Так я оказался по ту сторону официальности.
СБОРНИК «ЛЕПТА»
…В конце 1973-го внутренний голос мне подсказал: «Пора!» — и я стал собирать антологию ленинградской неподцензурной литературы. Я собирал, как собирают утварь ушедшей культуры. В антологию вошли повесть Рида Грачева «Адамчик», «Абсолютно счастливая деревня» Бориса Вахтина, повесть «Долгота дня» Андрея Арьева, рассказы Федора Чирскова, повесть Александра Севостьянова «Представление» и другие прекрасные вещи. Антология должна была спасти их от забвения.
…Позвонил Виктор Кривулин и сказал, что есть идея, сходная с моей. «Приходи на улицу Жуковского, 17. Там живет Юлия Вознесенская»…
Юлию я не знал, а с Кривулиным познакомился недавно в доме братьев Ивановых — Константина и Михаила. Кривулин на прощание подарил отпечатанную на желтой бумаге подборку своих последних стихов — это был знаменитый цикл «Музыкальные инструменты в песке и снеге».
Тогда стихи меня озадачили. Я не понимал их смыслового устройства. И стал их разбирать, как разбирает дилетант часовой механизм. Где-то и сейчас в бумагах должны сохраняться желтые листки с моими пометками, недоумениями, догадками. Теорему месяца через два решил. Оказалось, что в стихотворении «Я Тютчева спрошу, в какое море гонит…» авторское «Я» невозможно локализовать. «Я» обращается в «Мы», «Мы» в «Ты», образуя коллективно-персоналистическое авторское целое.

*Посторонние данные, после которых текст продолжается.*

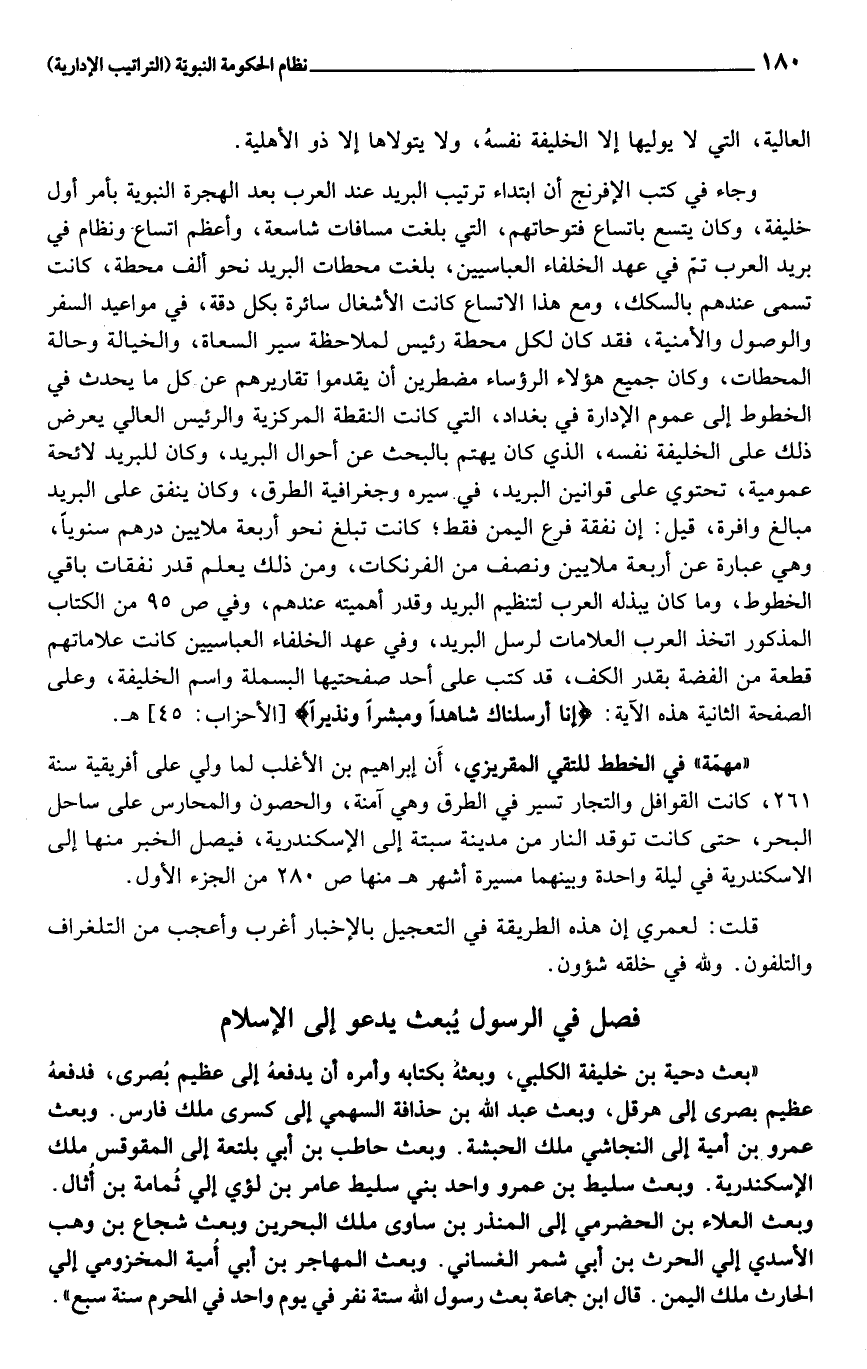 وجاء في كتب الإفرنج أن ابتداء ترتيب البريد عند العرب بعد الهجرة النبوية بأمر أول خليفة، وكان يتسع باتساع فتوحاتهم، التي بلغت مسافات شاسعة، وأعظم اتساع ونظام في بريد العرب تمّ في عهد الخلفاء العباسيين، بلغت محطات البريد نحو ألف محطة، كانت تسمى عندهم بالسكك، ومع هذا الاتساع كانت الأشغال سائرة بكل دقة، في مواعيد السفر والوصول والأمنية، فقد كان لكل محطة رئيس لملاحظة سير السعاة، والخيالة وحالة المحطات، وكان جميع هؤلاء الرؤساء مضطرين أن يقدموا تقاريرهم عن كل ما يحدث في الخطوط إلى عموم الإدارة في بغداد، التي كانت النقطة المركزية والرئيس العالي يعرض ذلك على الخليفة نفسه، الذي كان يهتم بالبحث عن أحوال البريد، وكان للبريد لائحة عمومية، تحتوي على قوانين البريد، في سيره وجغرافية الطرق، وكان ينفق على البريد مبالغ وافرة، قيل: إن نفقة فرع اليمن فقط؛ كانت تبلغ نحو أربعة ملايين درهم سنويا، وهي عبارة عن أربعة ملايين ونصف من الفرنكات، ومن ذلك يعلم قدر نفقات باقي الخطوط، وما كان يبذله العرب لتنظيم البريد وقدر أهميته عندهم، وفي ص 95 من الكتاب المذكور اتخذ العرب العلامات لرسل البريد، وفي عهد الخلفاء العباسيين كانت علاماتهم قطعة من الفضة بقدر الكف، قد كتب على أحد صفحتيها البسملة واسم الخليفة، وعلى الصفحة الثانية هذه الآية: إِنَّا أَرْسَلْناكَ شاهِداً وَمُبَشِّراً وَنَذِيراً [الأحزاب: 45] هـ.
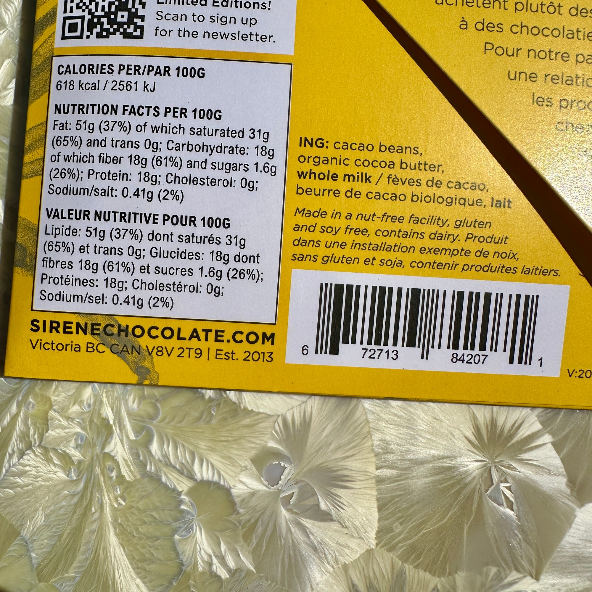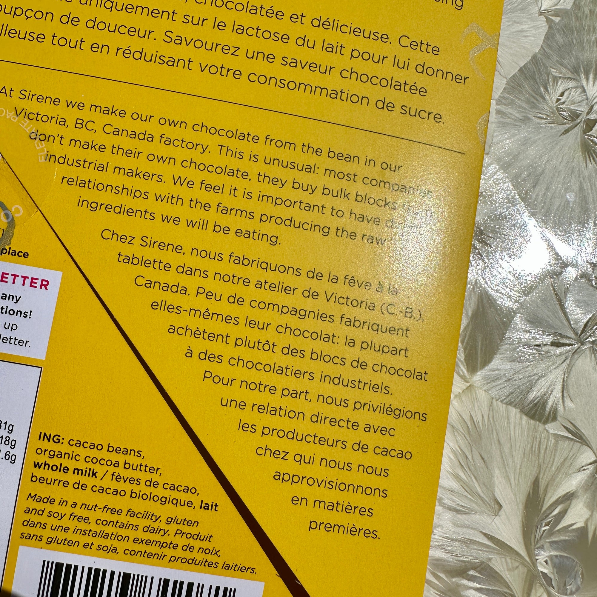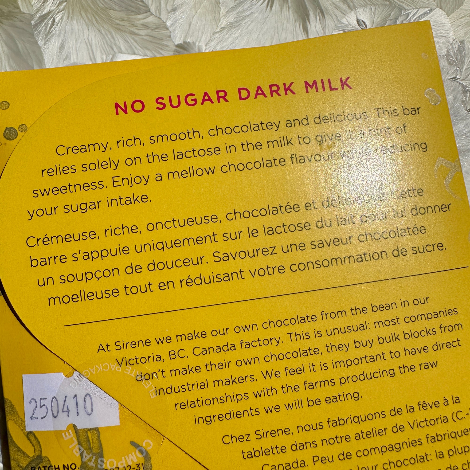Creamy, rich, smooth, chocolatey and delicious, with a hint of natural sweetness coming from the lactose in the milk. This bar is made as a 65% dark - so the only ingredients are 65% cocoa beans and 35% milk.

Я уже знал, что в сложностях речи больших поэтов таятся криптограммы переживаемого времени. Так я понял, когда в руки попал диалог «Горбунов и Горчаков» И. Бродского, что духовный мир шестидесятников рухнул. В стихах Кривулина я почувствовал совершенно иное: начало нового время — и его духовные императивы.
При следующей встрече я рассказал поэту о том, что составляю антологию неофициальной петербургской литературы. И если раздел прозы уже составлен, то для раздела поэзии ничем не располагаю, кроме стихов Горбовского, Бродского, Бобышева. И вот звонок. Я понял, что имел в виду Виктор, когда говорил об идее, близкой к моей: кто-то собирает поэтические тексты.